Apple hired him in 1992. But his work did not take off until Jobs returned to the company in 1997. The two became close collaborators. Jobs gave Sir Jonathan creative freedom and time to explore designs and invest in resources. He travelled to China and Japan and oversaw the design of the factories that made metals and glass for Apple products. “If I had a spiritual partner at Apple, it’s Jony,” Jobs told his biographer, Walter Isaacson. “He is a wickedly intelligent person in all ways. He understands business concepts, marketing concepts.
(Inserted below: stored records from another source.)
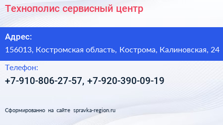 Технополис, сервисный центр по адресу 156013, Костромская область, Кострома, Калиновская, 24 в дальнейшем Организация, размещена в следующих категориях: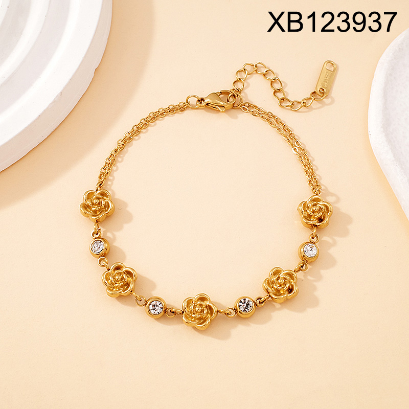 Level B Stainless Steel New Trendy Women Jewelry Flower Golden Bracelet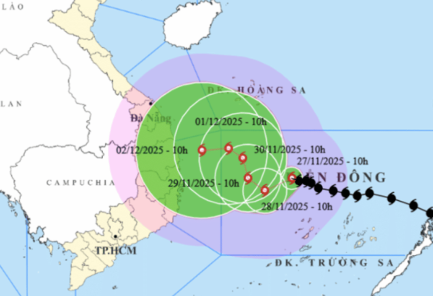 Hồi 16h ngày 26/11/2025, vị trí tâm bão số 15 vào khoảng 12,5 độ vĩ bắc, 116,1 độ kinh đông, cách đảo Song Tử Tây khoảng 230km, sức gió mạnh nhất vùng gần tâm bão mạnh cấp 10, giật cấp 13, trong 24h tới bão số 15 di chuyển rất nhanh với tốc độ khoảng 20km/h.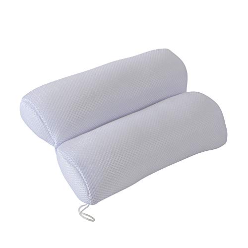 FINEWAY Bath Pillow with 6 Suction Cup and Air Mesh Technology, Ergonomic Design Helps Support Head and Neck, Non-slip (White)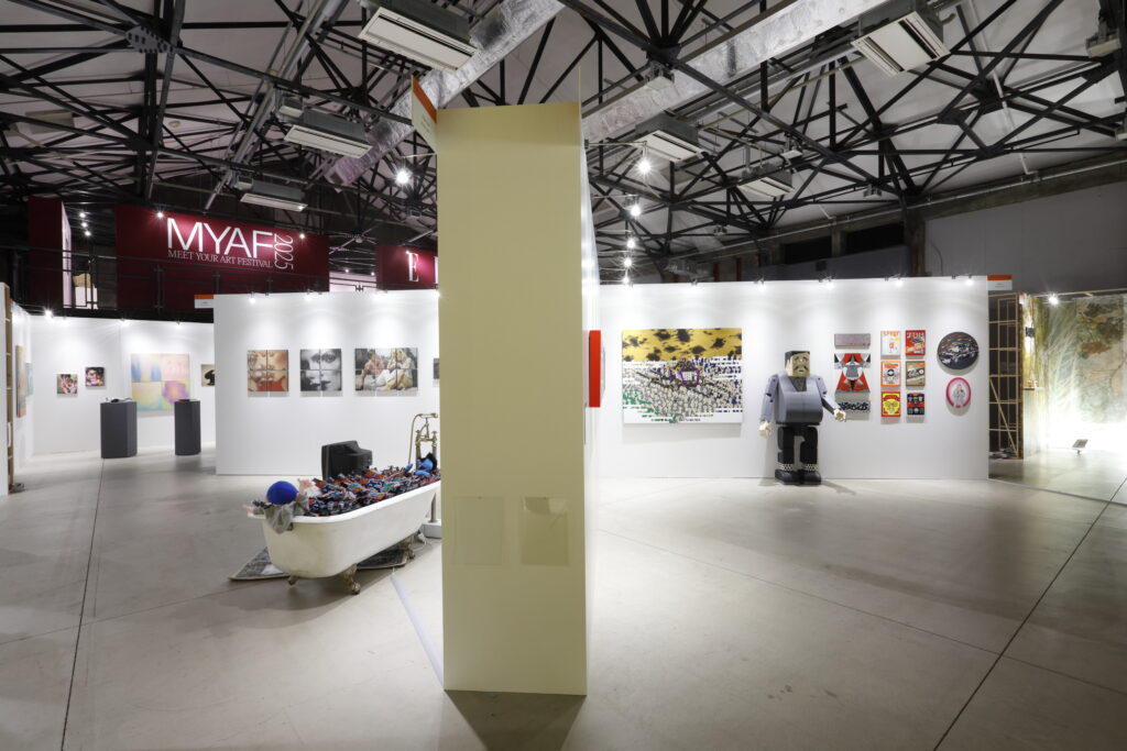古後: 2022年の初回は恵比寿で開催しましたが、会場の使用面積に限りがあり、さらなるコンテンツ拡張に対して制約がありました。「MEET YOUR ART FESTIVAL」は、アートエキシビション、アートフェア、ライブ、マーケットなど、多彩なコンテンツが同時に展開される大規模な複合型フェスティバルです。それぞれが独立しながらも一体感を生むためには、複数の会場を有し、全体を受け止められる街の構造が欠かせません。天王洲は、充実した会場インフラに加え、アートを起点に街づくりが進められてきた背景やその精神性が基盤にあり、地域との連携もしやすい環境が整っていたことが決め手となりました。また、もう少し広く見ると東京という都市において運河がある、つまり水脈と密接しているというのは日本という国の風土と深く繋がっているということにもなる。そうした場所から、アートを中心としたカルチャーを発信していくことには大きな意義があります。特に本年はそういった意味でキュレーター陣とは水脈をひとつのキーワードとして共有していました。

He picks stuff up just like that, click.”

But to others, Sir Jonathan’s main talent was his ability to manage his relationship with Jobs and even exploit it for his own advancement. “Jony’s a very, very political person,” said an ex-Apple employee. “You do not want to cross him or you lose pretty much everything.”

What remains to be seen is how Sir Jonathan fares without Jobs, under new chief executive Tim Cook, a businessman who until recently, was Sir Jonathan’s peer in Apple’s hierarchy.

Apple has not released a new breakthrough product since the original iPad in April 2010, and the modest updates of the latest iPad drew a mixed response from analysts. Yet Mr Cook hinted that there was more in the pipeline, saying “we are just getting started”.

The reality of the design process, is that it takes a full team to produce stellar products, Mr Rolston says. Yet Britain at least is eager to claim Sir Jonathan’s individual talents: Priya Guha, British consul-general in San Francisco, says he “epitomises the strengths of British design and innovation”. But Britain has had to admire him from afar for most of his career. Born in London, he was always taking things apart as a child. His curiosity about objects developed into an interest in making them. After graduating from Newcastle Polytechnic, he worked briefly for a London consultancy, designing everything from combs to televisions. Apple was among its clients. Soon it lured Sir Jonathan to California. This year marks his 20th anniversary at the company.

In an interview with Stephen Fry in San Francisco, where he lives with his wife and twin sons, he credited American culture for its conduciveness to innovation. “I think there’s a conspicuous lack of cynicism and scepticism,” he said. “Ideas are so fragile aren’t they? It’s so easy to miss an idea because it can be so quiet, or to snuff an idea out. The inquisitiveness and the willingness to try is so important for design, for developing those tentative fragile ideas into a real product.”